If indeed it is the phase shifting of high frequency components that affects zero crossings, then perhaps low-pass filtering the tape output before it goes onto the tape would improve performance. Then again, I do need the tone control as high as it will go to give best results. It would seem that with the diode clipping at the input of the comparator, the tape read would be relatively insensitive to amplitude, with a high volume being ideal. However, with my SYM that is not the case. Clearly, a great deal of experimenting can be done pre-filtering tape dump output before it is recorded, and conditioning the playback output before it is decoded.

So far we have discussed only changing the value of HSBDRY to improve our read capability. However, the tape dump parameters TAPET1 and TAPET2 can also be modified. To generate SYM compatible tape, their values should not be changed radically, and their sum should equal $8D. On the other hand, if the sum is changed, the bit time and the corresponding number of bytes per second will change. We can make the tape speed faster or slower, and still read it back with the regular SYM programs by changing HSBDRY correspondingly. Just for kicks, I made TAPET1 $22 and TAPET2 $46, and was able to get fairly reliable loads with HSBDRY $30. This is a byte rate of approximately 250 bytes per second. It may be possible to double the SYM's high speed rate and still get good loads. The important thing, however, is to get reliable loads at the regular high speed.

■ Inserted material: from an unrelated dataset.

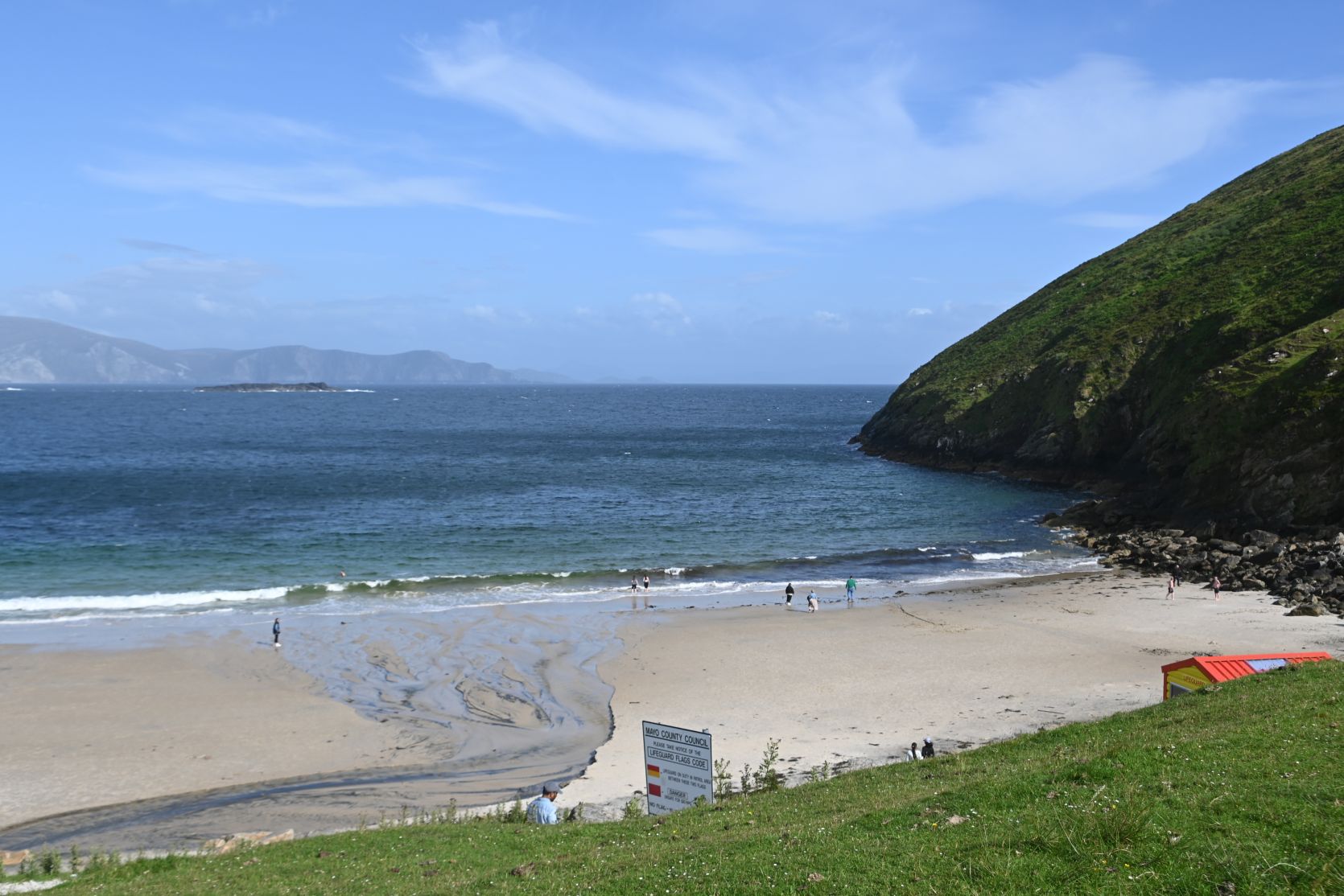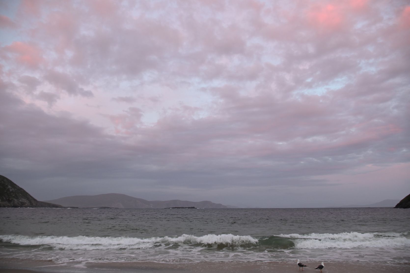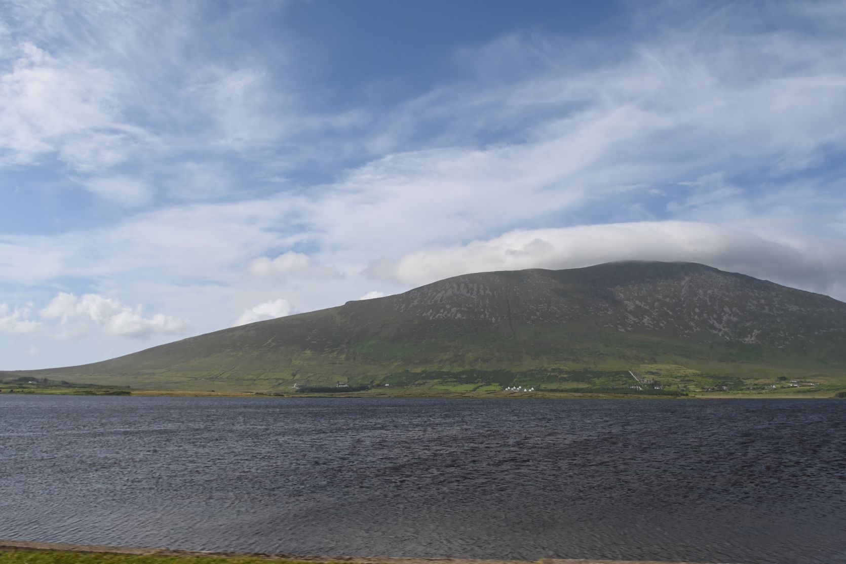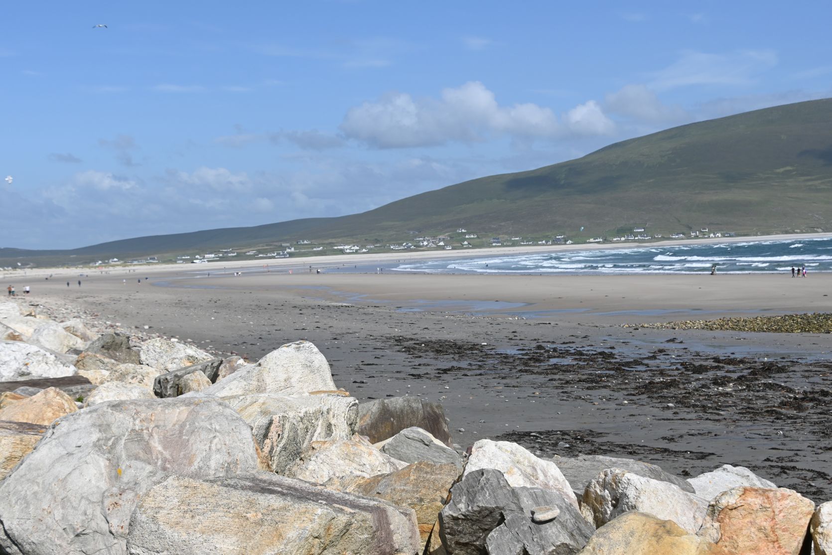 A quick stop on the huge beach, on Keel Strand, after driving past Keel Lough. Minaun Heights can be seen in the background.

Name Location   Default Value
HSBDRY   $A632 $46 (70 decimal) 350μs
TAPET1 $A635 $33 (51 decimal) 255μs
TAPET2 $A63C $5A (90 decimal) 450μs

Unfortunately, there are still a number of problem sources that have nothing to do with SYM hardware and software. You may be using a bad tape. Your recorder may be excessively noisy, or generate motor noise. You might suspect the latter if the Sync display indication occasionally flickers even when set at the optimum volume setting. Sometimes a capacitor (.05 to .1mfd) from the input of the comparator (pin 3) to ground will solve this problem. To help find other problem sources, a list of guidelines, provided by Synertek, are reproduced at the article's end.

In summary, SYMMERs still having problems with tape loading and using the new monitor may only need to adjust the value of HSBDRY ($A632), thanks to Synertek's foresight in making the tape parameters variables. Remember, however, that this value, and all system RAM is initialized by RESET and will have to be fixed after each Reset.

There is certainly a lot of experimentation that can be done on the SYM high speed tape reading and writing. I hope that the information in this brief article will inspire other SYMMERs to do some investigation. I'm sure that others besides myself will want to hear about any discoveries you make.